Instructions for the task:
Return the listing exactly. Keep no pictures.

The data:
━━━━━━━━━━━━━━━━

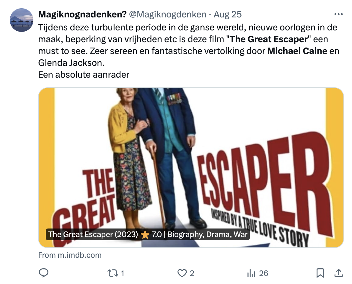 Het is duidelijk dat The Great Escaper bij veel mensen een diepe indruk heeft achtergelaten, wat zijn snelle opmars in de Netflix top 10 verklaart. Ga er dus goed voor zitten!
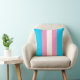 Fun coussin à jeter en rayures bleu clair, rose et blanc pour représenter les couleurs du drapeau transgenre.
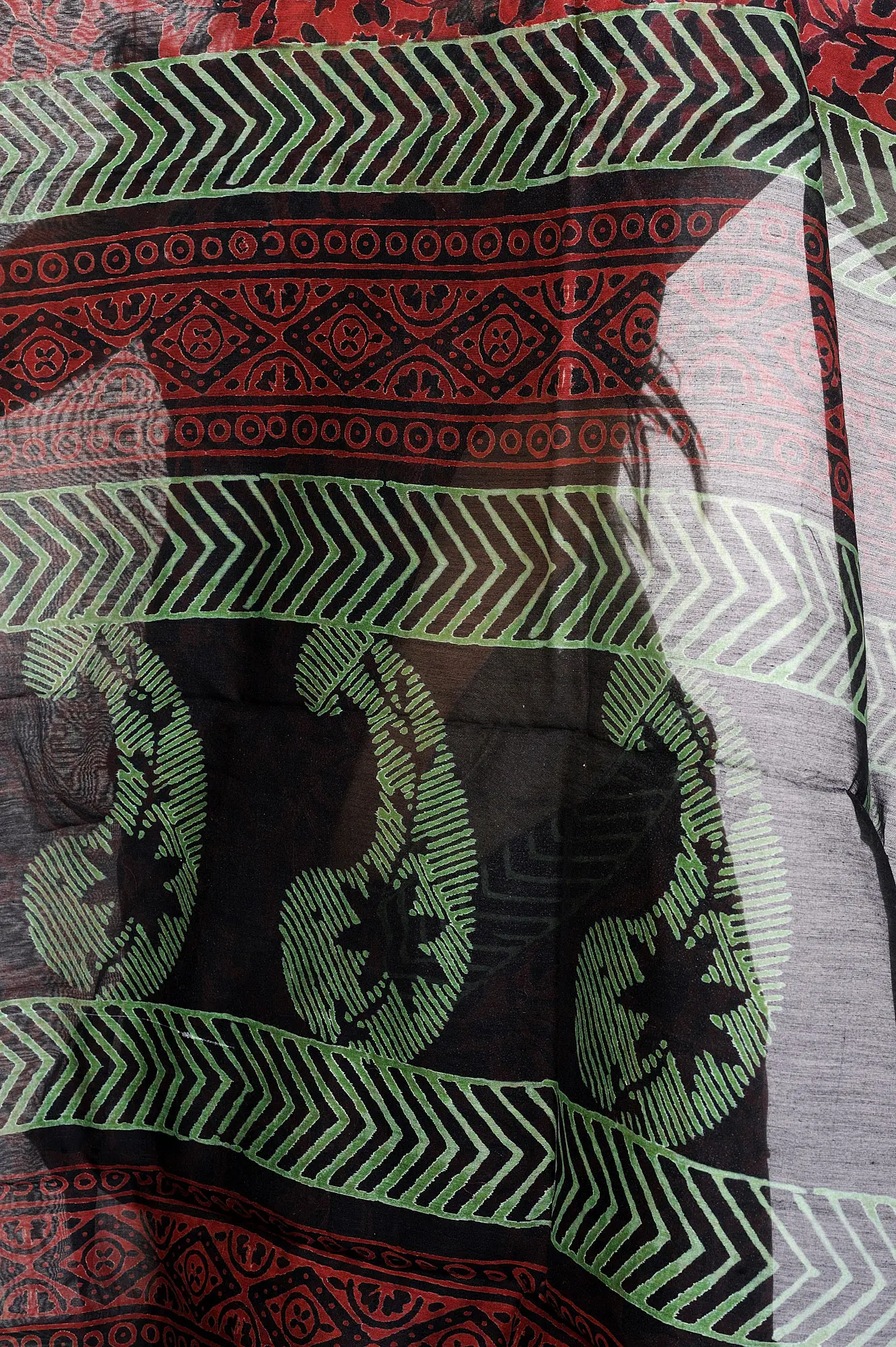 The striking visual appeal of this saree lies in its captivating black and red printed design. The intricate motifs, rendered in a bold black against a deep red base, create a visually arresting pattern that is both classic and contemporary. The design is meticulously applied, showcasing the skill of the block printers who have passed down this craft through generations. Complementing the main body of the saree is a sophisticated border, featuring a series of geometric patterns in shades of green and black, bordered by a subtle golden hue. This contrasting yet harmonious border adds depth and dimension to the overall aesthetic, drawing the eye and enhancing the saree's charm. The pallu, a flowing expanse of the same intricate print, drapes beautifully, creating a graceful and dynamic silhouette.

━━━━━━━━━━━━━━━━

Answer box:
 Het is duidelijk dat The Great Escaper bij veel mensen een diepe indruk heeft achtergelaten, wat zijn snelle opmars in de Netflix top 10 verklaart. Ga er dus goed voor zitten!
 Fun coussin à jeter en rayures bleu clair, rose et blanc pour représenter les couleurs du drapeau transgenre.
 The striking visual appeal of this saree lies in its captivating black and red printed design. The intricate motifs, rendered in a bold black against a deep red base, create a visually arresting pattern that is both classic and contemporary. The design is meticulously applied, showcasing the skill of the block printers who have passed down this craft through generations. Complementing the main body of the saree is a sophisticated border, featuring a series of geometric patterns in shades of green and black, bordered by a subtle golden hue. This contrasting yet harmonious border adds depth and dimension to the overall aesthetic, drawing the eye and enhancing the saree's charm. The pallu, a flowing expanse of the same intricate print, drapes beautifully, creating a graceful and dynamic silhouette.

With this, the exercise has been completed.